What we value gets our attention, time and resources and what we do not value gets forgotten and eventually left behind, and what is devalued gets destroyed. At Voices for Racial Justice we are aware of how power shapes what gets valued and the culture of how things are done within institutions, from schools to government departments, from the curriculum taught to the policies passed. We are aware of how toxic worldviews create toxic cultures that lead to toxic practices and norms.

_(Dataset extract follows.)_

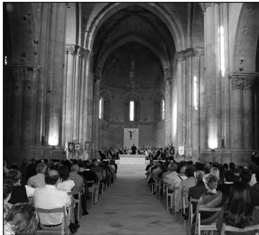
UN PÚBLIC MOLT NOMBRÓS VA ASSISTIR AL CONCERT

We recognize that solutions to injustices and disparities will not come from the very toxic cultures and systems that created them. Nor will mainstream models and approaches to working with communities of color and Indigenous communities that focus on deficit, what is lacking, where there is harm, and what needs “fixing” — as if the people themselves are broken. Although it is true that our communities are facing many forms of injustice and disparities we know programming that focuses on “assimilating” folks of color and Indigenous people devalues the cultures, medicines, resources, and strengths our communities already have. We draw on the strengths, culture, traditions, within our communities as sources of knowledge, creative inspiration, healing and power.

At Voices for Racial Justice we value, honor and respect the diverse worldviews, cultures, and values of people of color and Indigenous people which requires we take a proactive stance against pressures that assimilate, erase and devalue our traditions, ways of being, cultures, history, and languages. Cultural strategy and shared learning requires expansiveness to value other ways of being that are different from our own. We welcome cultural differences while leaning into sharing our collective values informing the culture of racial justice we create together.